C - Les prières de Jésus.

* Une prière de louange - Luc 10, 21

"Je te loue, Père, Seigneur du ciel et de la terre, de ce que tu as caché cela aux sages et aux intelligents et que tu l'as révélé aux tout-petits. Oui, Père, car tel est ton bon plaisir." Luc situe cette louange lorsque les 72 disciples reviennent de mission, tout joyeux. Jésus leur recommande de se réjouir, non de leurs propres mérites, mais de ce que "vos noms sont inscrits dans les cieux". Suit la prière de louange ci-dessus. Dieu est loué pour avoir révélé cela aux petits, même si les sages ne veulent pas croire. Cette prière est comme une réflexion de Jésus sur son propre ministère : il constate que les petits viennent et il attribue cela au Père.

* Une prière pour Pierre (22, 31-32)

"Simon, Simon, voici que le Satan a demandé de vous secouer comme le grain,mais moi j'ai prié pour toi afin que ta foi ne défaille pas. Et toi, quand tu seras revenu, confirme tes frères." Cette prière pour Simon-Pierre se situe dans le cadre d'une attaque de Satan, d'une tentation qu'est la Passion. Et Jésus est sûr d'être exaucé : plus tard, Simon, "revenu", sera la pierre sur laquelle Jésus bâtira son Eglise.

* Au mont des Oliviers (22, 39-46)

A la Cène, Jésus a parlé de "la coupe de mon sang, le sang de la nouvelle alliance." Au mont des Oliviers, il semble tout remettre en question : "Père, si c'est possible, que cette coupe s'éloigne de moi." Il se demande s'il va accepter ou refuser et finalement il accepte : "Pas ce que je veux, mais ce que tu veux." Ces deux phrases résument un débat intérieur qui a duré deux ou trois heures. Prière difficile : il faut crier dans la nuit, il faut insister,il faut du courage. La prière, c'est l'acte du courage spirituel.

* Sur la croix.

Alors que Matthieu et Marc mettent sur les lèvres de Jésus le début du psaume "Mon Dieu, mon Dieu, pourquoi m'as-tu abandonné", Chez Luc, Jésus dit "Entre tes mains je remets mon esprit" qui est aussi un passage d'un psaume. C'est la prière du soir que tout bon juif disait, que Jésus a apprise dès sa petite enfance. Il ajoute simplement le mot "Père". C'est le mot de la confiance la plus absolue. En outre, Luc est le seul à nous montrer Jésus priant pour ses bourreaux : "Père, pardonne-leur, ils ne savent pas ce qu'ils font." Prière de pardon, qui correspond à tout l'enseignement de Jésus sur le pardon des ennemis.

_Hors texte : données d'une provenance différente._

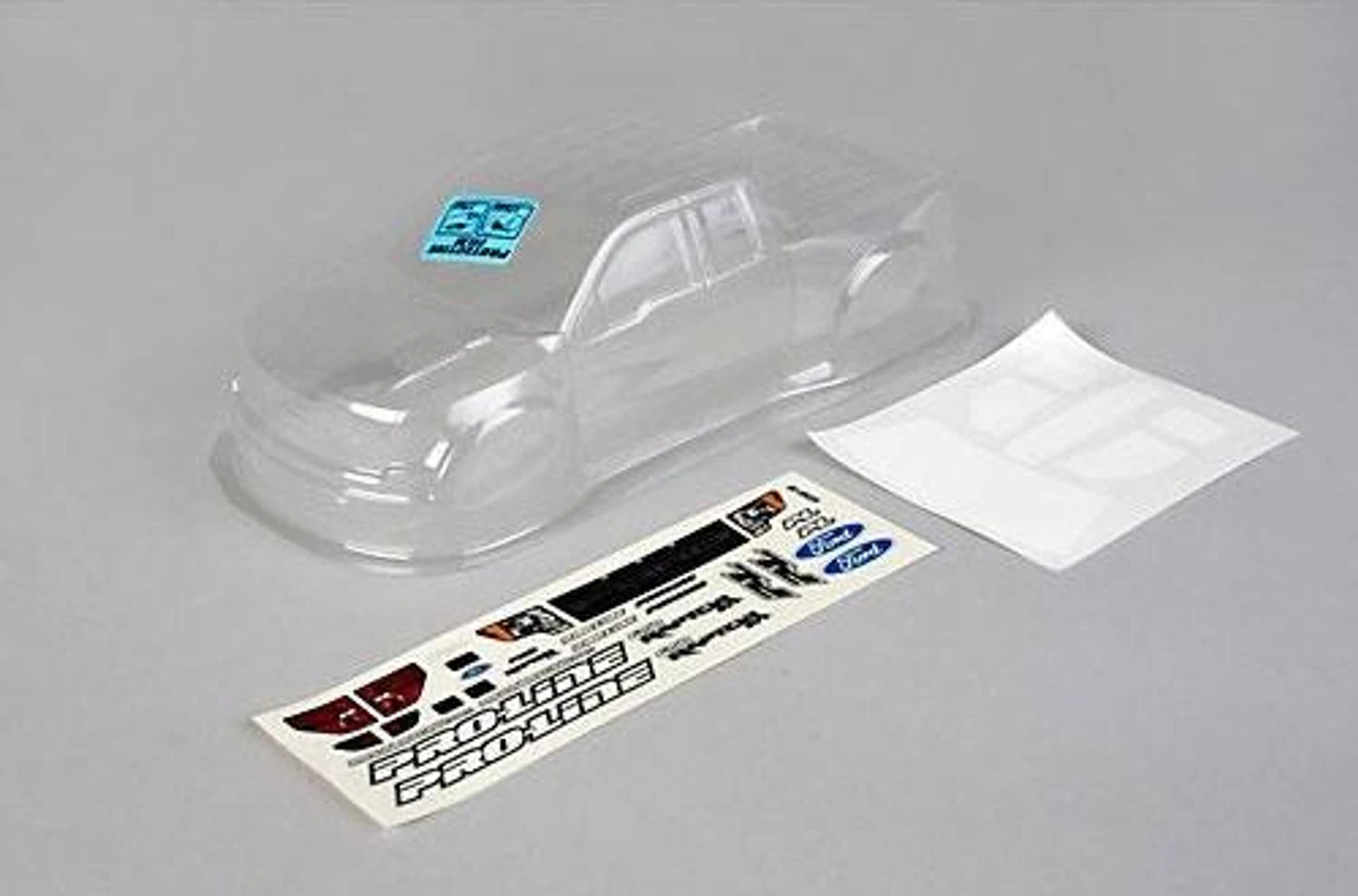 This is the Pro-Line Ford F-150 SVT Raptor body for the Traxxas 1/16 E-Revo trucks (use with wide offset wheels).ย The full-size Ford Raptor SVT was designed for serious off-road abuse and now you can give your 1/16 E-Revo truck the same look!ย The body is supplied clear (unpainted) but is shown painted in the image to better show the shape of the body.

Au travers de ces cinq prières, nous découvrons les caractéristiques de la prière de Jésus :
*C'est une prière filiale : toutes commencent par "Père".
* C'est une prière en référence à la mission.
* C'est une prière de soumission douloureuse et d'abandon total.

Ces textes sont peu nombreux, mais les spécialistes pensent qu'ils ont toutes les chances de remonter à Jésus lui-même. Encore une fois, Jésus priait à haute voix, et ces paroles correspondent bien à tout ce que Jésus a dit de son Père et de lui-même.